GOME Electrical Appliances Holding Limited (国美电器 in Chinese)() changed its name to GOME Retail Holdings Ltd.. It is one of the largest privately owned electrical appliance retailers in mainland China and Hong Kong. It was founded by Wong Kwong Yu (Huang Guangyu), a Chinese businessman, in Beijing in 1987. Its brand name "GOME" was first adopted in 1993. Since 1999, it has developed outside Beijing and established retail outlets in other Chinese cities. It was listed on the Hong Kong Stock Exchange in 2004. As of 2008 Wong is the chairperson, the controlling shareholder, and the director. The company is incorporated in Bermuda.

History
In 1987 GOME's first electrical appliance retail outlet was opened in Beijing. In 1999 the company expanded outside of Beijing to Tianjin. In 2004, GOME was selected as one of the "Key and Strategically Important Enterprises" in China by the Ministry of Commerce. In 2006 the company merged with China Paradise.

As of 2010 there are a total of 826 stores, 572 traditional stores, 13 digital stores and 2 flagship stores throughout mainland China.

In November 2008 the Hong Kong Stock Exchange indefinitely halted trading of the company shares after police revealed that Wong was under investigation for stock manipulation. He resigned from company chairman on 16 January 2009.

In November 2010, the company reported third quarter 2010 net profit of 477.5 million yuan, an increase of 24 per cent from the same period in 2009, despite a public dispute between founder Wong and chairman Chen Xiao over business strategy.

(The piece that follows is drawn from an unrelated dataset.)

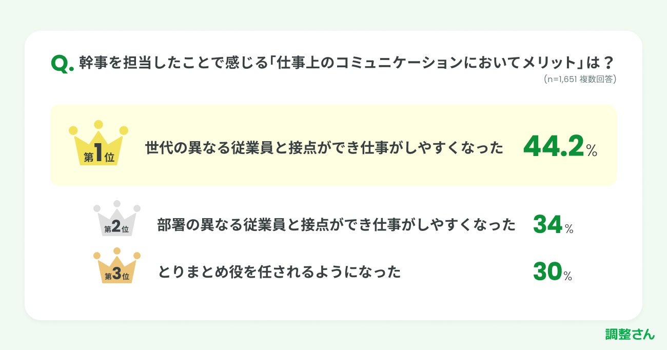 調査結果③幹事担当後の仕事上のメリット1位「世代の異なる従業員と接点」

In January 2013, it was announced that Gome badged retail stores in Hong Kong would begin to close from March 2013, the six stores concerned are owned directly by Wong and not the listed company. The move marks a shift in emphasis for the company from one based on overseas expansion to one based on an increasing presence online and in second tier Chinese cities, although the company will remain in Hong Kong as a wholesaler.

References

External links 

GOME Electrical Appliances Holding Limited (China) 
GOME Electrical Appliances Holding Limited (Hong Kong)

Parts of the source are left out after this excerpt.